Coach Konstantin Mau hatte schon im Vorfeld darauf hingewiesen, dass es eine ganz schwere Auswärtsaufgabe werden würde. Zumal sich VfB Hermsdorf mit Tobias Graul noch einmal verstärken konnte. Dagegen musste der Tabellenführer erneut auf Alexander Pankonin verzichten. Zudem fielen Center Marcel Stölzel wegen einer Trainingsverletzung und der erkrankte Mike Krebs aus. So schienen die Voraussetzungen für das WSG-Team nicht gerade günstig. Deshalb bauten die Königs-Wusterhausener Basketballer, die durchaus davon ausgehen, dass die Karten in der Rückrunde noch einmal durchgemischt werden, vor allem auf eine geschlossene Mannschaftleistung.

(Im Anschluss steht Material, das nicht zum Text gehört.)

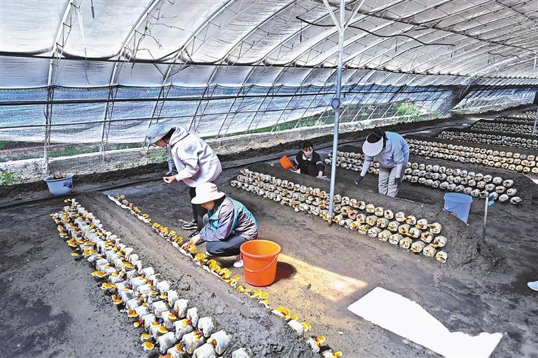 圖為達(dá)孜現(xiàn)代農(nóng)業(yè)產(chǎn)業(yè)園的技術(shù)人員在大棚內(nèi)查看靈芝長(zhǎng)勢(shì)。 記者 旦增蘭澤 攝

Der Auftakt zeigte gleich, was die Gäste erwartete. Die Hermsdorfer starteten nicht nur mit 100Prozent ins Spiel, sie trafen nahezu mit jedem Wurf ins Ziel. Dagegen ließen die Red Dragons ungewohnt kleine individuelle Fehler erkennen. Schnell fiel auch auf, dass es beim Tabellenführer gerade unterm Korb nicht rund lief. Obwohl vor allem Maik Hasselberg und Thomas Gersch, die Stölzel und Pankonin vertraten, sehr gute Leistungen zeigten.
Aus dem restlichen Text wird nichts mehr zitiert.